Quand le patriarcat est en décomposition, comme aujourd’hui, cela donne, dans l’immédiat, les avatars du christianisme dont on a parlé, la quête individuelle et tout ce qui apparaît dans la clinique quotidienne des psychanalystes, par exemple : la remontée du féminin chez des gens qui ne sont pas encore préparés à le recevoir, ce qui crée une distorsion, un très grand malaise. Pensez au cas fameux du Président Schreber : sa psychose, ce n’était pas de se croire une femme, la « prostituée de Dieu », puisque justement il l’était aussi. C’était de ne pas savoir quoi faire avec cette féminité en lui ; de la même manière que Ferenczi, qui est devenu fou après avoir écrit Thalassa. Alors, si ça arrive à un disciple direct de Freud…

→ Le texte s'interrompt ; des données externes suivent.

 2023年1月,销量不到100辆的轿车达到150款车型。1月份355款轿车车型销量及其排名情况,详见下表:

En fait, pour quelqu’un qui, d’un côté, intègre mal ce qui se passe en lui, et de l’autre refuse la société, que se passe-t-il ordinairement ? Eh bien, une partie du phénomène hippie aux symboliques féminines, le mouvement écologique avec son obsession de la Mère-Nature, la recherche par la drogue du Paradis perdu et du royaume des images, peuvent en grande partie s’expliquer à partir de ce point de vue. Bien sûr, il faudrait nuancer tout cela, faire la part de ce qui est pathologique et de ce qui ne l’est pas, de ce qui est régression et de ce qui est progression, mais j’essaie simplement de montrer les multiples voies par où le féminin fait à nouveau son entrée.

A travers cette lecture du mythe, peut-on dire qu’il s’agit d’un mythe occidental, ou qu’il a valeur universelle ?

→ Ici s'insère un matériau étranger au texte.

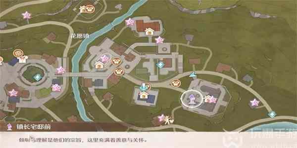 1、首(shou)先就需要(yao)打开(dakai)地图(ditu),传送到花愿镇镇长宅邸前的位置。

De l’Indus à l’Irlande, on retrouve l’équivalent de l’histoire de Tristan et Iseut avec les mêmes grands thèmes. Un savant professeur a même essayé de montrer qu’il pouvait y avoir un lien de filiation avec la mystique iranienne du haut Moyen-âge, de même qu’on a voulu le mettre en parallèle avec certains romans chinois classiques de la période des Han, si je me souviens bien. Bien sûr, tout cela est intéressant, mais je ne pense pas que ce soit là l’important. L’important c’est ce qui relève de l’inconscient collectif, ou des structures fondamentales de l’imagination, comme on voudra l’appeler : c’est-à-dire la succession des épreuves initiatiques, la conception de l’eau de vie qui recèle chaque être humain à son Soi le plus profond (au fond, c’est le Soma des Hindous), c’est l’affrontement à la mort, à la sortie de laquelle la vie est affirmée dans le sein de la déesse (qu’il s’agisse d’une descente aux Enfers comme dans les grandes mythologies : Isis et Osiris, Marduk et Zarpanitou en Babylonie, Aphrodite et Adonis — ou de la dérive de Tristan agonisant dans une barque sans rames ni voiles).

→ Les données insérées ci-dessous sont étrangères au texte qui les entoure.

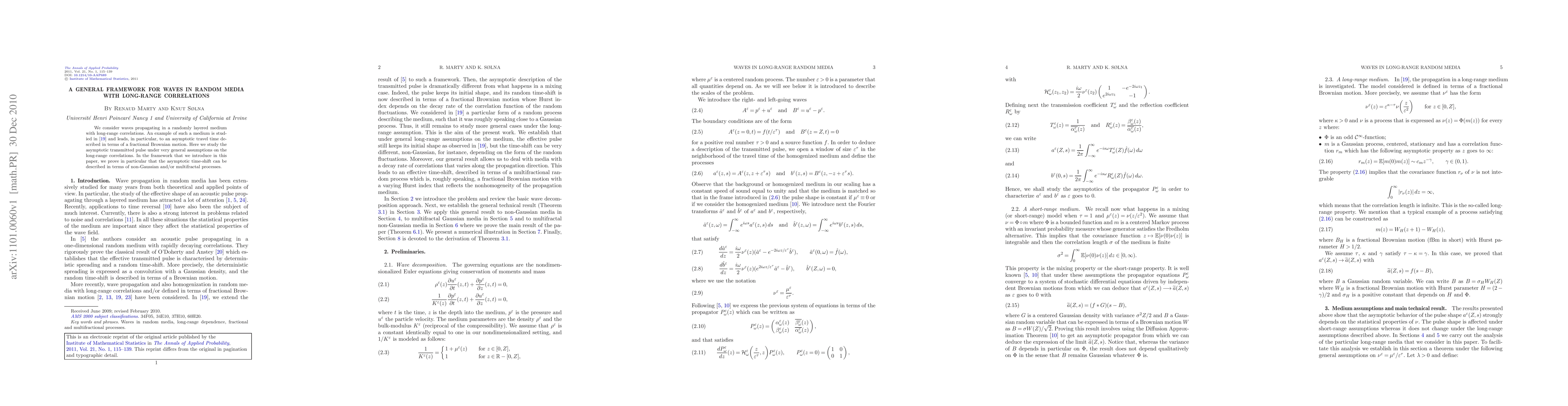 This paper presents a general framework for understanding wave propagation in random media with long-range correlations, such as layered structures. It proves that the asymptotic time-shift in these media can be described using non-Gaussian and/or multifractal processes, extending previous findings on fractional Brownian motion.

C’est l’affirmation qu’il existe un royaume (« autre part » dans la légende, c’est-à-dire, traduit dans nos termes, dans une « autre société ») où les femmes sont reines — et où on s’aperçoit dès lors que la royauté de la femme, c’est la liberté de l’homme et de la femme, parce que son pouvoir n’est justement pas une puissance, mais la capacité d’une reconnaissance mutuelle.

Vous me direz peut-être que tout cela n’est après tout qu’un rêve ? C’est possible, en effet. Mais c’est un rêve pour lequel il vaut la peine de vivre.